▸ Given material
================
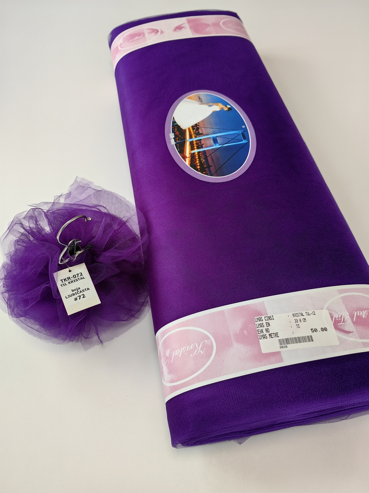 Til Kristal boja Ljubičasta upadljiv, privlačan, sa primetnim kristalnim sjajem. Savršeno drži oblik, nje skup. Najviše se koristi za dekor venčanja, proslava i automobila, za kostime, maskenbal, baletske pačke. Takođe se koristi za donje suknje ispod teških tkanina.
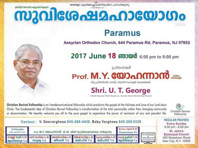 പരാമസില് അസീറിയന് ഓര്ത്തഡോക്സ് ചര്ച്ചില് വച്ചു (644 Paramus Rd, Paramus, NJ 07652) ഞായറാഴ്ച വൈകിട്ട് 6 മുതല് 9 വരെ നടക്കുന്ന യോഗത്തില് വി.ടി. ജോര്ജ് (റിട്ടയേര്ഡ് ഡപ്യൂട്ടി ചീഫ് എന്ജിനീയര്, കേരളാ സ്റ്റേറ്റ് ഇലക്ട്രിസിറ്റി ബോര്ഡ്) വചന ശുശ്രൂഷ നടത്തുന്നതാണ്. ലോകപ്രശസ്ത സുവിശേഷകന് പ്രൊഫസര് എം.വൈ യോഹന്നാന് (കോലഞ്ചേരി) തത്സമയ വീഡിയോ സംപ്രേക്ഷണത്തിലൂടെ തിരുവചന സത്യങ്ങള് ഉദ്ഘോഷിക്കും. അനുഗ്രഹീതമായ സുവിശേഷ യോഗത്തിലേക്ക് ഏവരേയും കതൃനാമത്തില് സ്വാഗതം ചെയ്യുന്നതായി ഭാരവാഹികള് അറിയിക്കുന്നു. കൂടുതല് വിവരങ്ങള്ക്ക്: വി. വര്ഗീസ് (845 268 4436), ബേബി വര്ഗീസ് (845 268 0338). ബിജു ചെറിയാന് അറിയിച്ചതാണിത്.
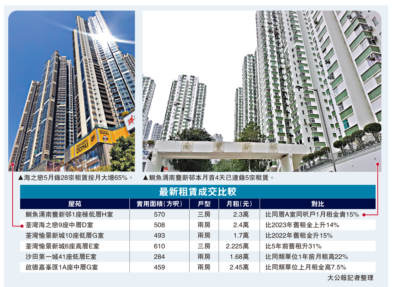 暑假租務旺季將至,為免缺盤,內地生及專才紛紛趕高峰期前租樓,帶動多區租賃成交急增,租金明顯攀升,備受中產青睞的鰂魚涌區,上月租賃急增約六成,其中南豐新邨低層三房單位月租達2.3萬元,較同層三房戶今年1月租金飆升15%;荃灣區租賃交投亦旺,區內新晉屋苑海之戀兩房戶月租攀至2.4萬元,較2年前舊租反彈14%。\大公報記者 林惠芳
================
When you write out the material above, keep every line exact and drop each picture.

 Til Kristal boja Ljubičasta upadljiv, privlačan, sa primetnim kristalnim sjajem. Savršeno drži oblik, nje skup. Najviše se koristi za dekor venčanja, proslava i automobila, za kostime, maskenbal, baletske pačke. Takođe se koristi za donje suknje ispod teških tkanina.
 പരാമസില് അസീറിയന് ഓര്ത്തഡോക്സ് ചര്ച്ചില് വച്ചു (644 Paramus Rd, Paramus, NJ 07652) ഞായറാഴ്ച വൈകിട്ട് 6 മുതല് 9 വരെ നടക്കുന്ന യോഗത്തില് വി.ടി. ജോര്ജ് (റിട്ടയേര്ഡ് ഡപ്യൂട്ടി ചീഫ് എന്ജിനീയര്, കേരളാ സ്റ്റേറ്റ് ഇലക്ട്രിസിറ്റി ബോര്ഡ്) വചന ശുശ്രൂഷ നടത്തുന്നതാണ്. ലോകപ്രശസ്ത സുവിശേഷകന് പ്രൊഫസര് എം.വൈ യോഹന്നാന് (കോലഞ്ചേരി) തത്സമയ വീഡിയോ സംപ്രേക്ഷണത്തിലൂടെ തിരുവചന സത്യങ്ങള് ഉദ്ഘോഷിക്കും. അനുഗ്രഹീതമായ സുവിശേഷ യോഗത്തിലേക്ക് ഏവരേയും കതൃനാമത്തില് സ്വാഗതം ചെയ്യുന്നതായി ഭാരവാഹികള് അറിയിക്കുന്നു. കൂടുതല് വിവരങ്ങള്ക്ക്: വി. വര്ഗീസ് (845 268 4436), ബേബി വര്ഗീസ് (845 268 0338). ബിജു ചെറിയാന് അറിയിച്ചതാണിത്.
 暑假租務旺季將至,為免缺盤,內地生及專才紛紛趕高峰期前租樓,帶動多區租賃成交急增,租金明顯攀升,備受中產青睞的鰂魚涌區,上月租賃急增約六成,其中南豐新邨低層三房單位月租達2.3萬元,較同層三房戶今年1月租金飆升15%;荃灣區租賃交投亦旺,區內新晉屋苑海之戀兩房戶月租攀至2.4萬元,較2年前舊租反彈14%。\大公報記者 林惠芳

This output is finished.